Cette fonction de SUV que personne ne voulait perdre disparaît quand même
Ford, Lincoln, Range Rover et Rolls-Royce proposent encore des SUV à hayon fractionné, mais le BMW X5 vient d'abandonner cette solution — et il ne sera peut-être pas le seul.
Il y a cinq ans encore, le hayon fractionné sur un SUV était presque la norme. Aujourd'hui, c'est une espèce en voie de disparition. Volvo XC90, Land Rover Discovery, Toyota Land Cruiser, Lexus LX et BMW X5 ont tous abandonné ce système l'un après l'autre au profit d'une simple cinquième porte monobloc.

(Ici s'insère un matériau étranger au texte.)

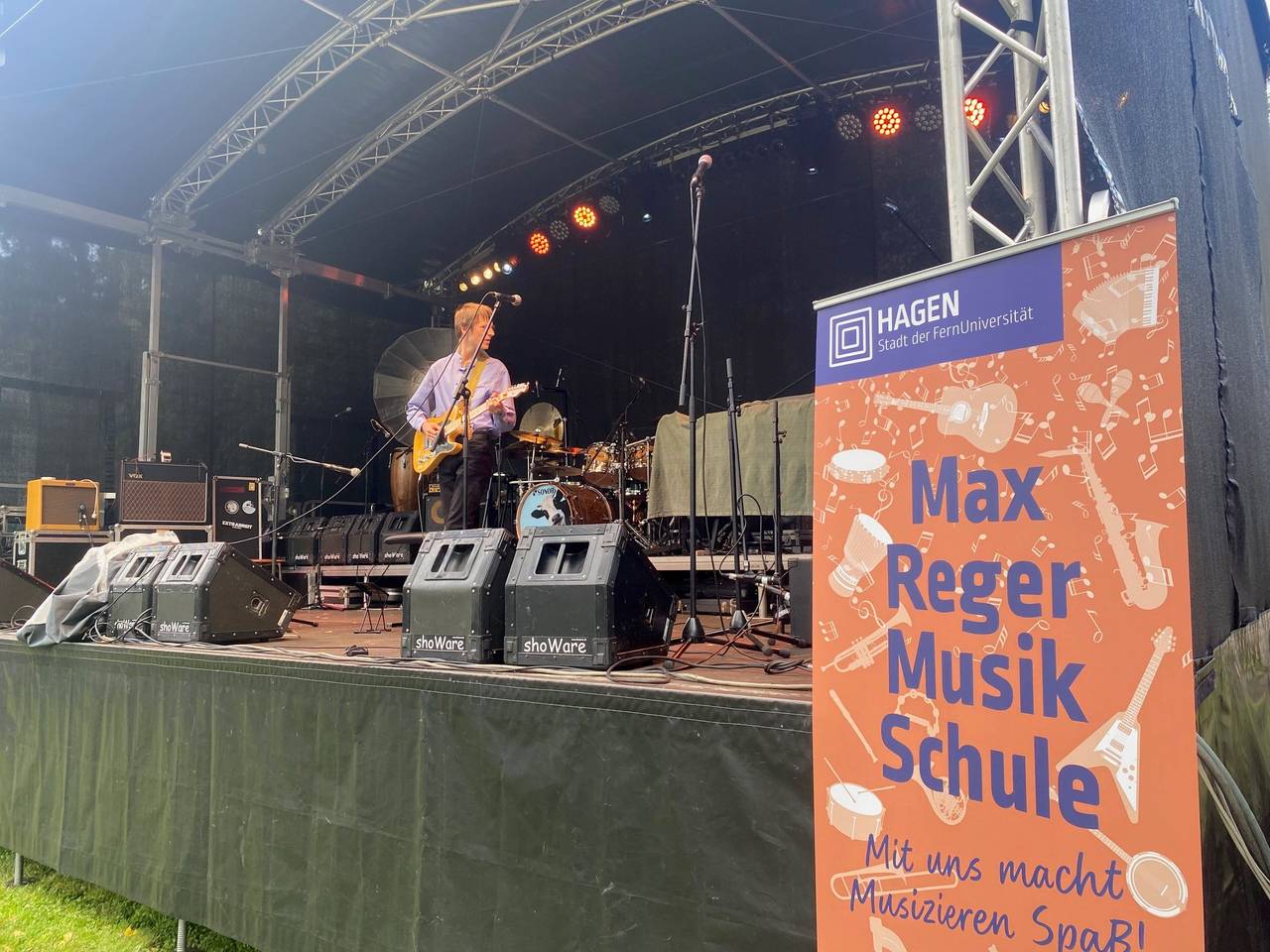 Auch der Fachbereich Rock, Pop und Jazz hat mitgefeiert. Sie hatten 40-jähriges Jubiläum. Insgesamt gab´s viel Livemusik mit dem Schwerpunkt Rock- und Popmusik auf vier verschiedenen Bühnen. Neben einigen Bands durften auch die Schüler der Musikschule auf der großen Bühne performen.

Pourtant, l'idée était élégante : la partie supérieure se relève, la partie inférieure bascule comme le hayon d'un pick-up. Sur un parking étroit, c'est un vrai atout. Rien ne tombe quand on n'ouvre que le haut. En pique-nique, la partie basse devient instantanément un banc. Sur un grand SUV, ce n'était jamais un simple gadget, mais un vrai outil du quotidien. Et pourtant, les constructeurs l'abandonnent en masse.
Aux États-Unis, il ne reste plus que cinq modèles de ce type. Le moins cher n'est ni premium ni luxe : c'est le Ford Expedition, à partir de 63 600 dollars. La version allongée Expedition Max démarre à 66 600 dollars. Ford ne cache pas son intention : combiner un hayon de SUV classique avec la praticité d'un plateau de pick-up.
Vient ensuite le BMW X7, à partir de 87 500 dollars. Et c'est là que ça devient intéressant : depuis que le nouveau X5 a perdu son hayon fractionné, le X7 reste le seul BMW à en être équipé. Pour combien de temps encore ? Rien n'est moins sûr : la marque simplifie déjà ses solutions de carrosserie ailleurs, avec par exemple l'abandon de la vitre de custode escamotable sur la Série 5 Touring.
Le Lincoln Navigator démarre à 89 995 dollars et reprend la même idée sous son propre nom, Splitgate. Le Range Rover est encore plus cher, à partir de 113 300 dollars – mais chez lui, ce n'est pas une option, c'est une part de son ADN : le tout premier Range Rover disposait déjà de ce hayon en 1970, et le modèle ne l'a plus jamais quitté depuis plus d'un demi-siècle. Chez le Rolls-Royce Cullinan, le prix dépasse les 400 000 dollars, et là, la partie basse fonctionne avec les sièges escamotables du Viewing Suite. Il y a tout de même une différence entre la praticité et la mise en scène.
Pourquoi cette fonction disparaît-elle ? La réponse est prosaïque : le coût et la complexité. Charnières, verrous, actionneurs, renforts, capteurs, calibrages supplémentaires — la structure double littéralement. Pour un SUV grand public, ce sont des dépenses inutiles. Pour un modèle premium, c'est au contraire un argument pour vendre l'exclusivité.
Ceux qui chargent vraiment leur SUV, transportent des chaussures boueuses ou s'en servent comme banc apprécieraient cette fonction pour son utilité, pas pour l'effet. Mais plus le mécanisme coûte cher, plus vite il migre des SUV du quotidien vers la niche des grosses voitures onéreuses. Bientôt, le hayon fractionné pourrait bien devenir un privilège réservé à ceux qui peuvent se permettre de payer un banc avec vue sur le coucher de soleil.